Alternative Pluripotent Stem Cell Therapies Enhancement Act

(This measure has not been amended since it was introduced. The summary of that version is repeated here.)

Alternative Pluripotent Stem Cell Therapies Enhancement Act - Amends the Public Health Service Act to require the Secretary of Health and Human Services to develop techniques for the isolation, derivation, production, or testing of stem cells that are capable of producing all or almost all of the cell types of the developing body and may result in improved understanding of treatments for diseases and other adverse health conditions, but that are not derived from a human embryo.

Requires the Secretary to: (1) provide guidance concerning the next steps required for additional research; (2) prioritize research with the greatest potential for near-term clinical benefit; and (3) take into account techniques outlined by the President's Council on Bioethics and any other appropriate techniques and research.

[Congressional Bills 109th Congress]
[From the U.S. Government Publishing Office]
[S. 2754 Introduced in Senate (IS)]








109th CONGRESS
  2d Session
                                S. 2754

 To derive human pluripotent stem cell lines using techniques that do 
                      not knowingly harm embryos.

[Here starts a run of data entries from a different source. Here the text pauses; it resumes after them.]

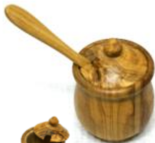
Senfdose Art-Nr. 163s
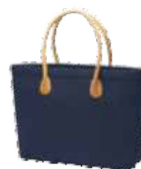
1809792 CLASSIC □ 28
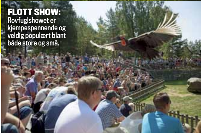
FLOTT SHOW: Rovfuglshowet er kjempespennende og veldig populært blant både store og små.
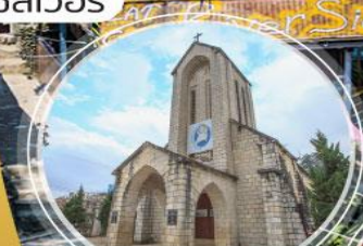
โบสถ์ซาปา
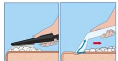
Schuim extractie meubelreiniging
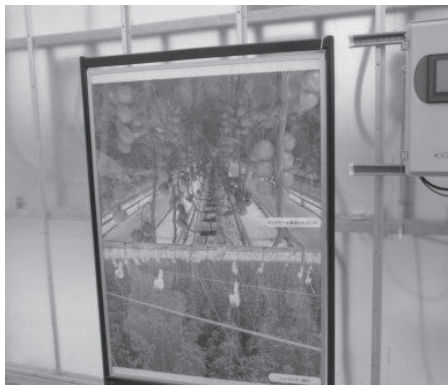
▲トマト栽培のハウス

ということですが。現在、輸出が8割を占めており、アメリカ・タイ・フランスなどに輸出されています。生産ラインはいろいろな機種が順次流れる混流ラインでした。エンジン組立の様子は、テレビドラマでも使用されたことでした。今回の研修では、日本の農業に関する様々な最新の技術に触れ、日々進化していることを感じました。
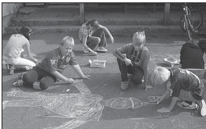
Kreslení před knihovnou
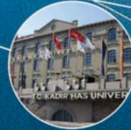
KADIR HAS ÜNİVERSİTESİ KADIR HAS UNIVERSITY
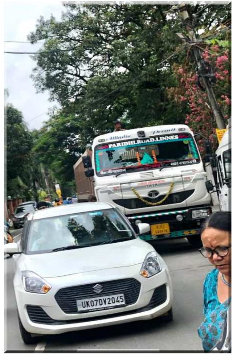
स्कूल टाईम (1 बजे) बलवीर रोड पर ट्रक की शहर में एंटी। ट्रैफिक पुलिस की कार्यप्रणाली पर प्रश्नचिह्न।

रात को ही पोस्टमार्टम करके दोनों कावड़ियों के शव परिजनों के सुपुर्द कर दिए गए हैं जबकि घायलों का उपचार किया जा रहा है।
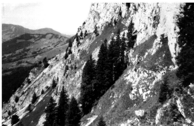
Abb. 4 & 5: Das Ruchband mit Adlerspitzli und Geissstock, aufgenommen im Aufstieg vom Holzflüeli (links). Blick auf das Ruchband in nord-westlicher Richtung (oben).
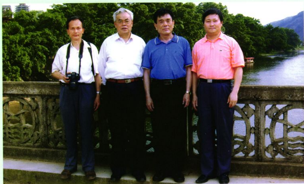
省政协副主席伍席源（左二）、州政协主席邓锦州（左三）赴榕江指导工作。
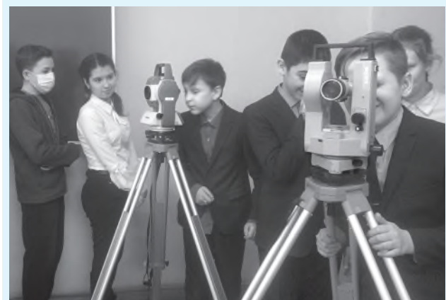
Школьники открыли для себя тахеометр марки Trimble M3 и теодолит ЗТ5КП
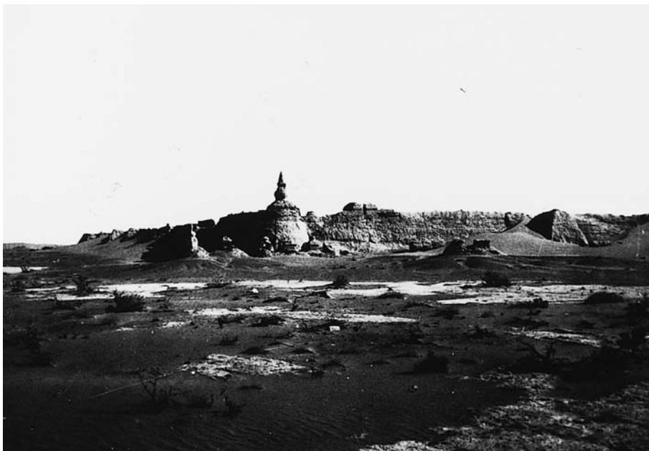
116. Хара хото, вид с северо-запада. Экспедиция 1927 г. (Фото М.А.Симуковой. Фотоархив АН Монголии).

_______________________________________________________________________


                   IN THE SENATE OF THE UNITED STATES

                              May 5, 2006

  Mr. Santorum (for himself and Mr. Specter) introduced the following 
  bill; which was read twice and referred to the Committee on Health, 
                     Education, Labor, and Pensions

_______________________________________________________________________

                                 A BILL


 
 To derive human pluripotent stem cell lines using techniques that do 
                      not knowingly harm embryos.

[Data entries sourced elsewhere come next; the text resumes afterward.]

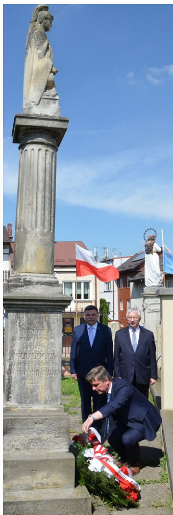
Parlamentarzyści złożyli pod figurą św. Floriana okolicznościowy wieniec
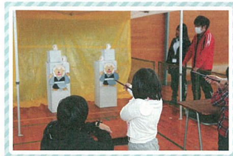
「なっとうやまんばやっつける!」
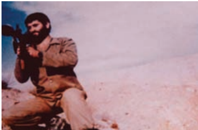
شکل ۲۴-۴- شهید بنام علی محمدزاده
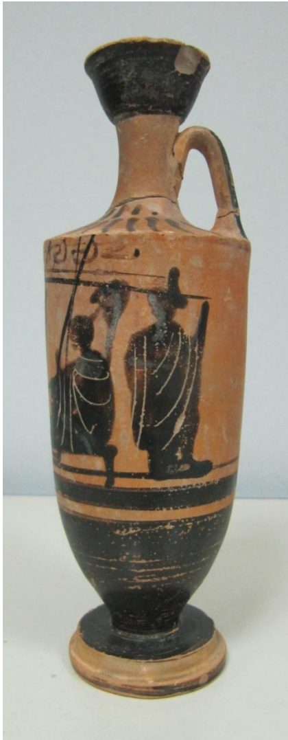
Εικόνα 111: Λήκυθος ΜΑΙΤ 9366, αρ. κατ. 31, πλάγια όψη.
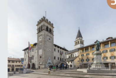
PALAZZO DELLA MAGNIFICA COMUNITÀ DI CADORE
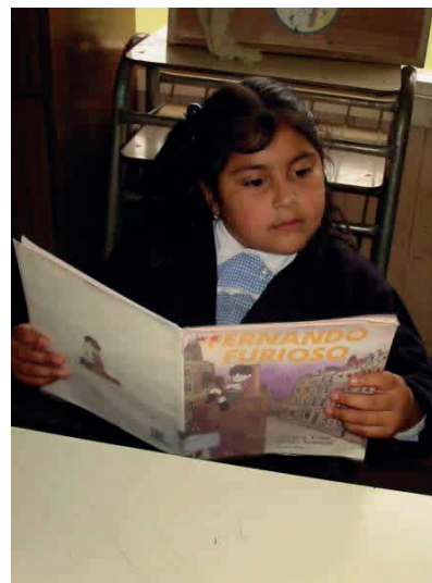
Alumno Escuela de Los Pellines
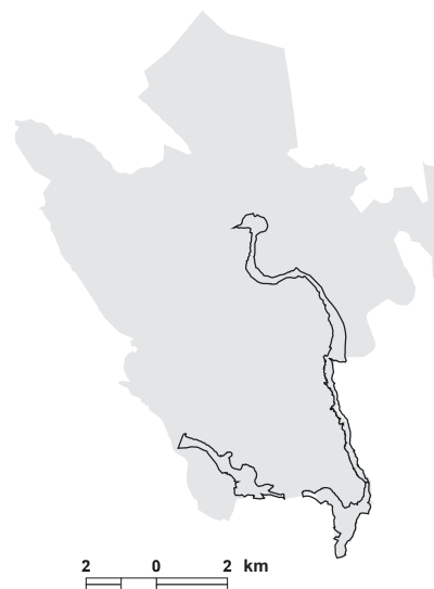
5.33. attēls. Putniem nozīmīgās vietas LV083 Burtnieka pļavas robežu salīdzinājums ar vietas 038 Burtnieks robežām iepriekšējā PNV pārskatā [1].
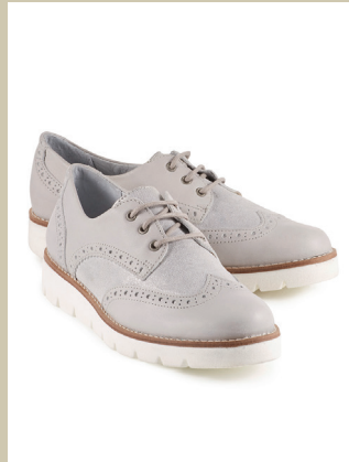
Derby Glanzstück Gr.: 36-42 Nr. 45-0422 € 89,90
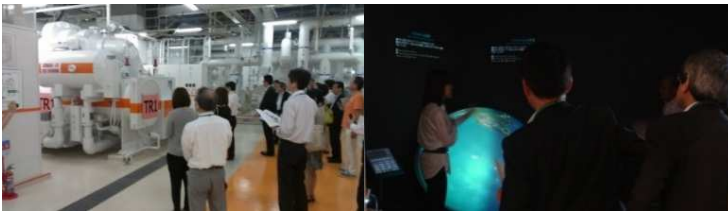
▲千代田区内企業の環境への取組み(2013年6月)丸の内熱供給(株)による地域冷暖房【左】、エコツェリア次世代オフィスラボ【右】
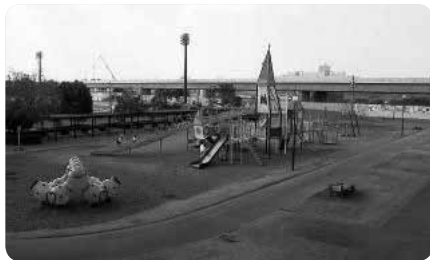
利用者や保育士さん、地元小学生などの意見を導入した大型遊具も

さらに、野球場の裏手には予約制の野外炉が5基設置されたバーベキュー場も。芝生に囲まれた野外炉でアウトドアランチを楽しむこともできます。また、大小の体育室やトレーニングルームなどがある総合体育館には幼児室も。家族で体を動かして楽しめる公園となっています。
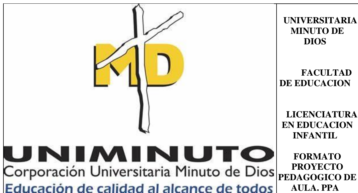
Tabla 7. Muestra PPA

A continuación, se presenta la propuesta del Proyecto Pedagógico de Aula:
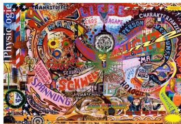
Oliver Ross Analyse Diplom 2007 Tirage offset, 60 ex.
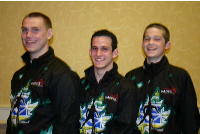
Prince Edward Island Composite Male Team
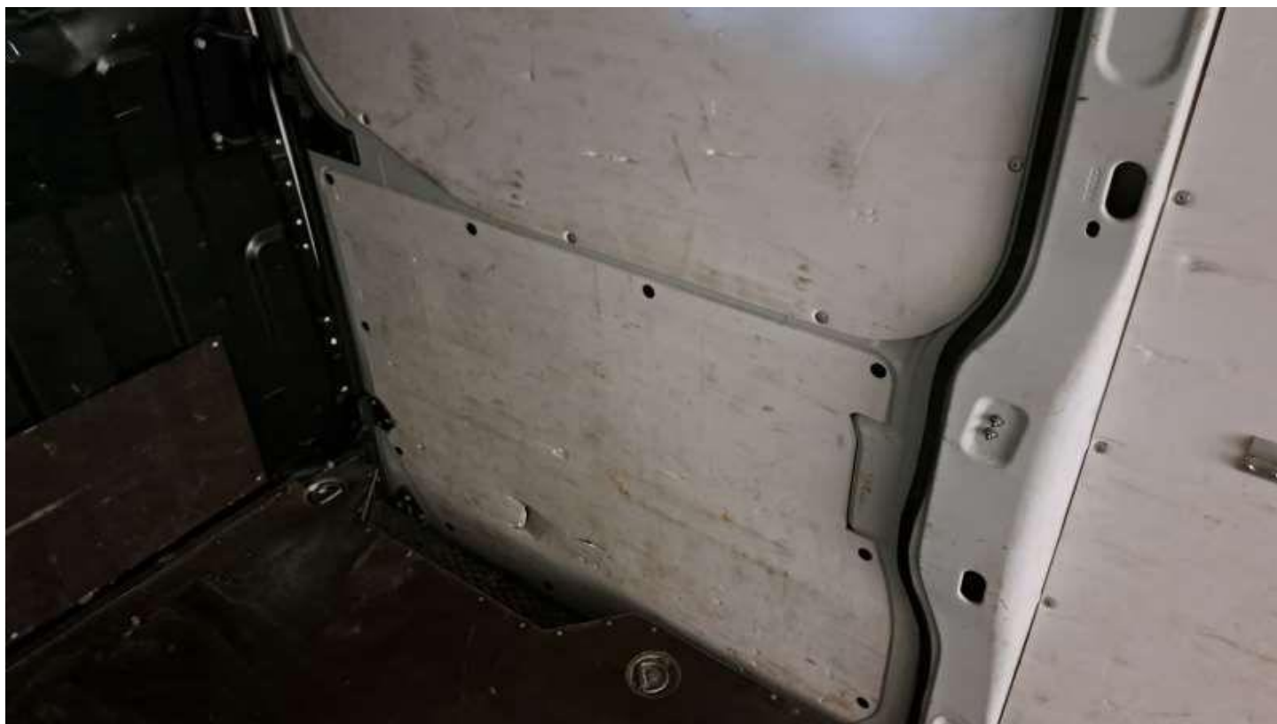
Fot. nr 32

    Be it enacted by the Senate and House of Representatives of the 
United States of America in Congress assembled,

SECTION 1. SHORT TITLE.

    This Act may be cited as the ``Alternative Pluripotent Stem Cell 
Therapies Enhancement Act''.

SEC. 2. PURPOSES.

    It is the purpose of this Act to--
            (1) intensify research that may result in improved 
        understanding of or treatments for diseases and other adverse 
        health conditions; and
            (2) promote the derivation of pluripotent stem cell lines, 
        including from postnatal sources, without creating human 
        embryos for research purposes or discarding, destroying, or 
        knowingly harming a human embryo or fetus.

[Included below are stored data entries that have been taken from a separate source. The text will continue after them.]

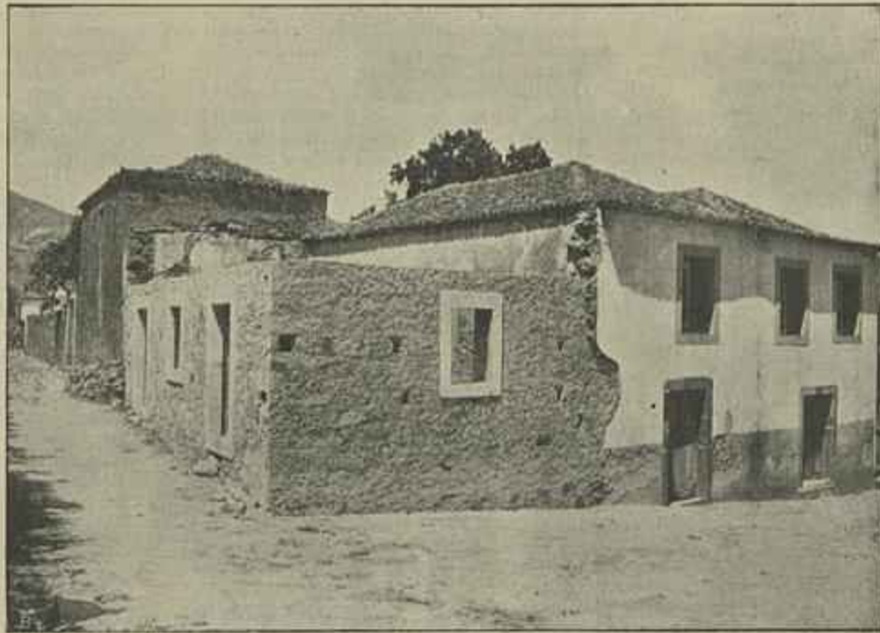
CASA DE CRISTOVÃO COLOMBO EM PORTO SANTO (De fotografia)
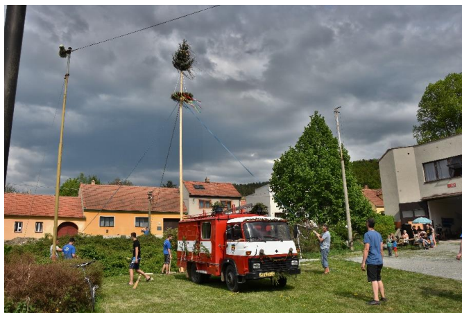
Stavění Máje před hasičskou zbrojnicí

hasičské Avii se vše převezlo. U zbrojnice byly pro malé děti připraveny soutěže a pro malé i velké bylo připraveno občerstvení.
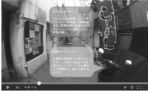
図3.3.1 1階と2階に店舗がある場合
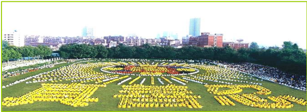
1998 年武汉 5000 多名法轮功学员炼功，排组法轮图形和“真善忍”字样。
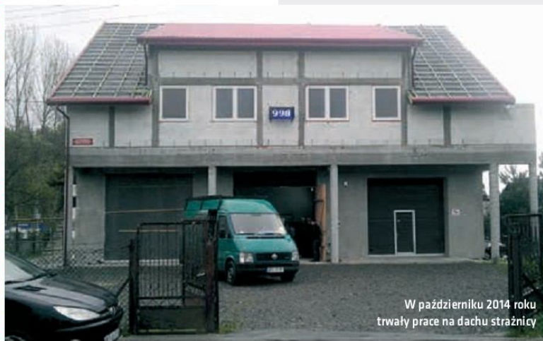
W październiku 2014 roku trwały prace na dachu strażnicy

Kościelnej rozbudowują nową strażnicę przy wsparciu finansowym gminy. Ochotnicza Straż Pożarna w Cisiu rozbudowała swój budynek powiększając go o nową świetlicę wiejską oraz zakupiła samochód bojowy marki Jelcz, uzyskując gminną pomoc. Straże pozyskały nowy sprzęt ratownictwa medyczno-drogowego w tym dwa urządzenia HOLMATRO. ■
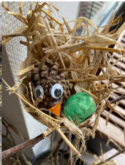
fuglereder af fejlindkøbte kaffefiltre
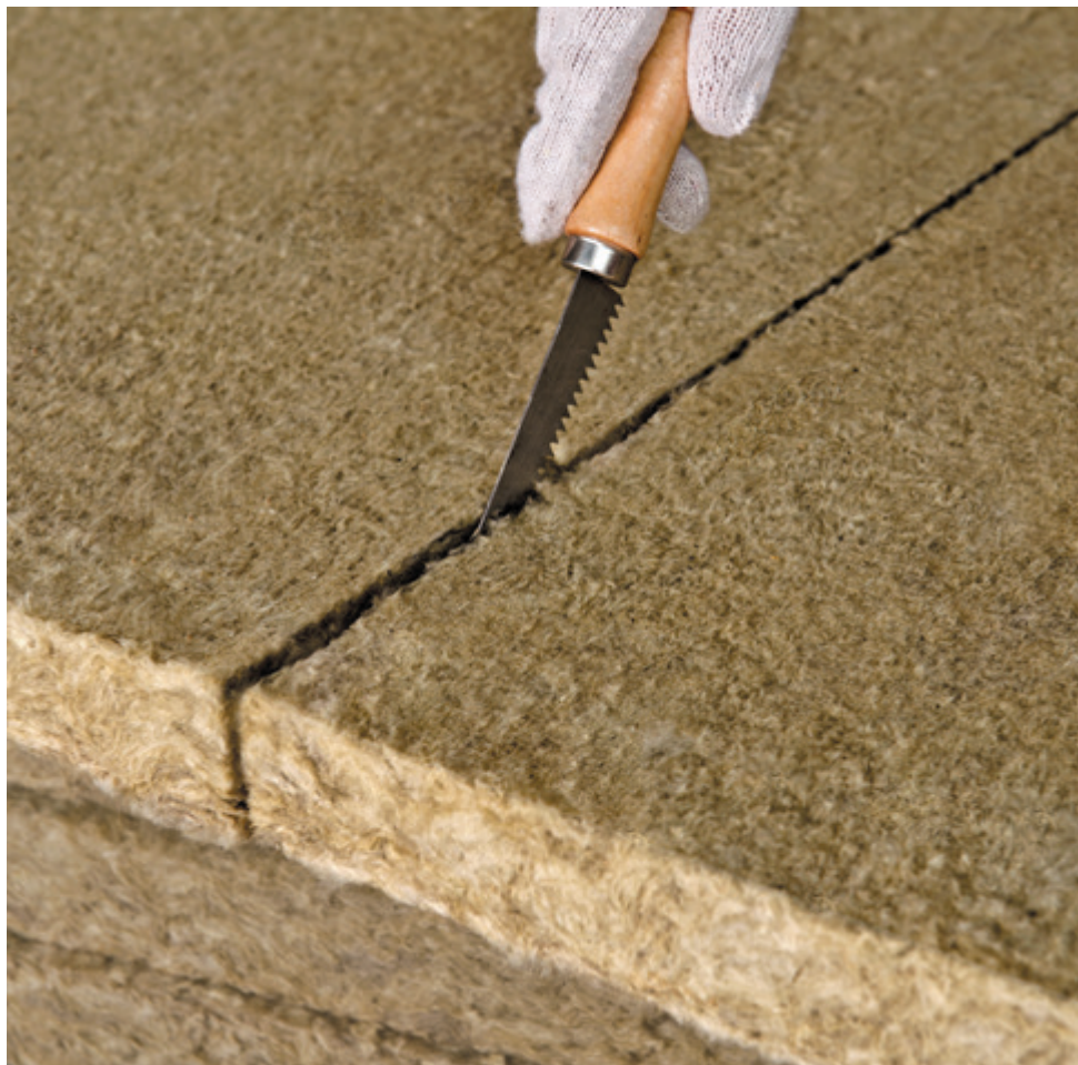
Монтаж теплоизоляции враспор между лагами:

SEC. 3. ALTERNATIVE HUMAN PLURIPOTENT STEM CELL RESEARCH.

    Part B of title IV of the Public Health Service Act (42 U.S.C. 284 
et seq.) is amended by inserting after section 498C the following:

``SEC. 409J. ALTERNATIVE HUMAN PLURIPOTENT STEM CELL RESEARCH.

    ``(a) In General.--In accordance with section 492, the Secretary 
shall conduct and support basic and applied research to develop 
techniques for the isolation, derivation, production, or testing of 
stem cells that, like embryonic stem cells, are capable of producing 
all or almost all of the cell types of the developing body and may 
result in improved understanding of or treatments for diseases and 
other adverse health conditions, but are not derived from a human 
embryo.
    ``(b) Guidelines.--Not later than 90 days after the date of the 
enactment of this section, the Secretary, after consultation with the 
Director, shall issue final guidelines to implement subsection (a), 
that--
            ``(1) provide guidance concerning the next steps required 
        for additional research, which shall include a determination of 
        the extent to which specific techniques may require additional 
        basic or animal research to ensure that any research involving 
        human cells using these techniques would clearly be consistent 
        with the standards established under this section;
            ``(2) prioritize research with the greatest potential for 
        near-term clinical benefit; and
            ``(3) consistent with subsection (a), take into account 
        techniques outlined by the President's Council on Bioethics and 
        any other appropriate techniques and research.
    ``(c) Reporting Requirements.--Not later than January 1 of each 
year, the Secretary shall prepare and submit to the appropriate 
committees of the Congress a report describing the activities carried 
out under this section during the fiscal year, including a description 
of the research conducted under this section.
    ``(d) Rule of Construction.--Nothing in this section shall be 
construed to affect any policy, guideline, or regulation regarding 
embryonic stem cell research, human cloning by somatic cell nuclear 
transfer, or any other research not specifically authorized by this 
section.
    ``(e) Definition.--
            ``(1) In general.--In this section, the term `human embryo' 
        shall have the meaning given such term in the applicable 
        appropriations Act.
            ``(2) Applicable act.--For purposes of paragraph (1), the 
        term `applicable appropriations Act' means, with respect to the 
        fiscal year in which research is to be conducted or supported 
        under this section, the Act making appropriations for the 
        Department of Health and Human Services for such fiscal year, 
        except that if the Act for such fiscal year does not contain 
        the term referred to in paragraph (1), the Act for the previous 
        fiscal year shall be deemed to be the applicable appropriations 
        Act.
    ``(f) Authorization of Appropriations.--There is authorized to be 
appropriated such sums as may be necessary for each of fiscal years 
2007 through 2009, to carry out this section.''.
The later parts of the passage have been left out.